■ **Brief**
Exact copy, no pictures: reproduce the lines from the one that holds "On the turntable" through the end of the entries.

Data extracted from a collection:

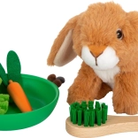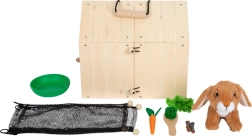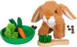Del seta je plišasti zajček in praktični dodatki: metlica, skledica, lesena korenček, košček solate in filcani »kakci« za avtentične prizore nege. Set je idealna alternativa za otroke, ki si za zdaj ne morejo omisliti pravega ljubljenčka, ter jim pomaga razvijati družbene in čustvene veščine.
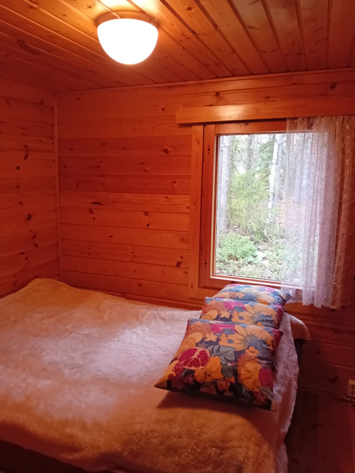 U prirodnom miru možete se opustiti, uživati u jutarnjem suncu, saunati se, kupati, veslati, boraviti na otvorenom, pešačiti, posmatrati prirodu ili raditi na daljinu tokom cele godine. U vikendici se nalaze 2 spavaće sobe, svetla kuhinja-dnevni boravak, potkrovlje za spavanje, unutrašnji toalet + tuš i kamin. Oprema: frižider, električni šporet, mikrotalasna pećnica, aparat za kafu i čajnik, posuđe, TV. Sauna na plaži ima prozore sa pogledom, peć na drva i prostoriju za saunu. Na terasi se nalazi roštilj na plin i sto sa stolicama. Iskopana plaža, pristanište, stepenice za kupanje i čamac za veslanje. Dođite u vikendicu usred prirode!
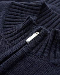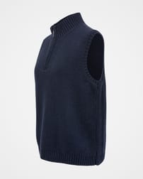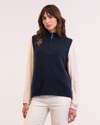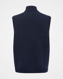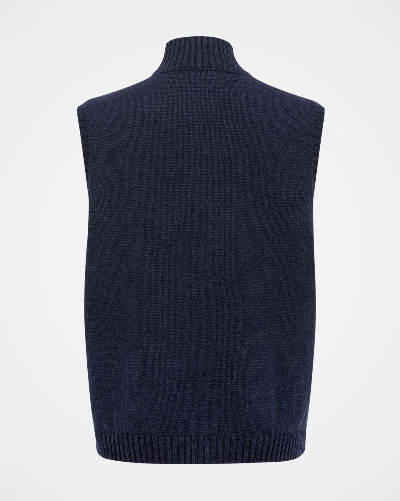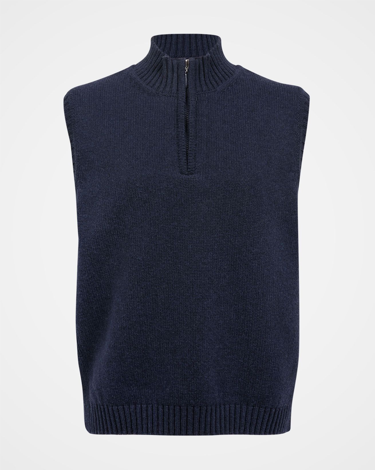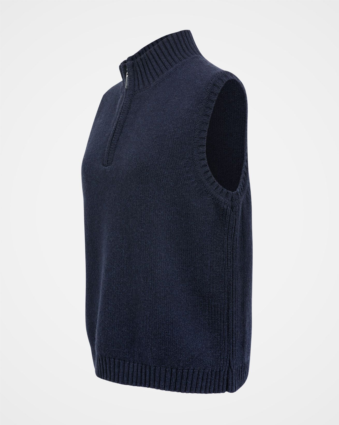 Featuring a funnel neckline with a quarter-length metal zip, this sleeveless top is perfect for layering. Made from soft Merino lambswool, it combines comfort and functionality for versatile wear.
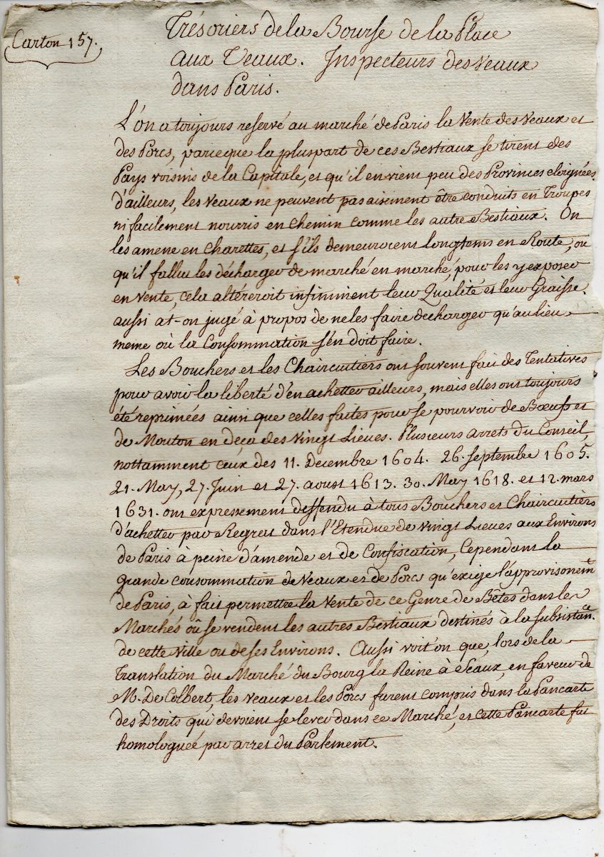 [Offices de langueyeurs - inspecteurs visiteurs des porcs - inspecteurs des veaux - vendeurs de bœufs - trésoriers de la place et marché aux veaux - inspecteurs aux boucheries - visiteur des suifs et chandelles - communautés des bouchers et des charcutiers - droit de ferme - droit d'entrées - droit du pied-fourché - etc.]
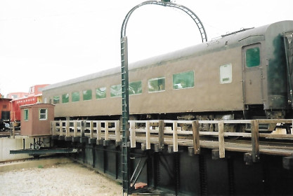 On the turntable was the yard switcher and Great Lakes Central coach 5447 (ex. VIA 5447 1978, exx. CN 5447 1968, exxx. CN 32352, nee CN 5447).
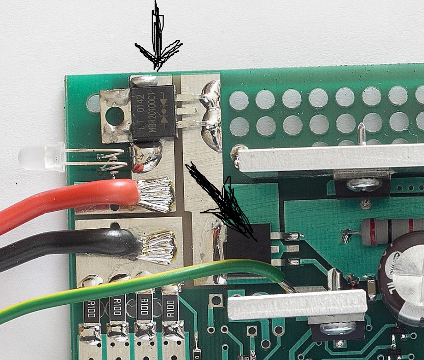 6. Замена установленной диодной сборки на выходе ЗУ после мосфета irf4905 - mbr20100 на mbr2045 для снижения тепловыделения.

■ **Response area**
 On the turntable was the yard switcher and Great Lakes Central coach 5447 (ex. VIA 5447 1978, exx. CN 5447 1968, exxx. CN 32352, nee CN 5447).
 6. Замена установленной диодной сборки на выходе ЗУ после мосфета irf4905 - mbr20100 на mbr2045 для снижения тепловыделения.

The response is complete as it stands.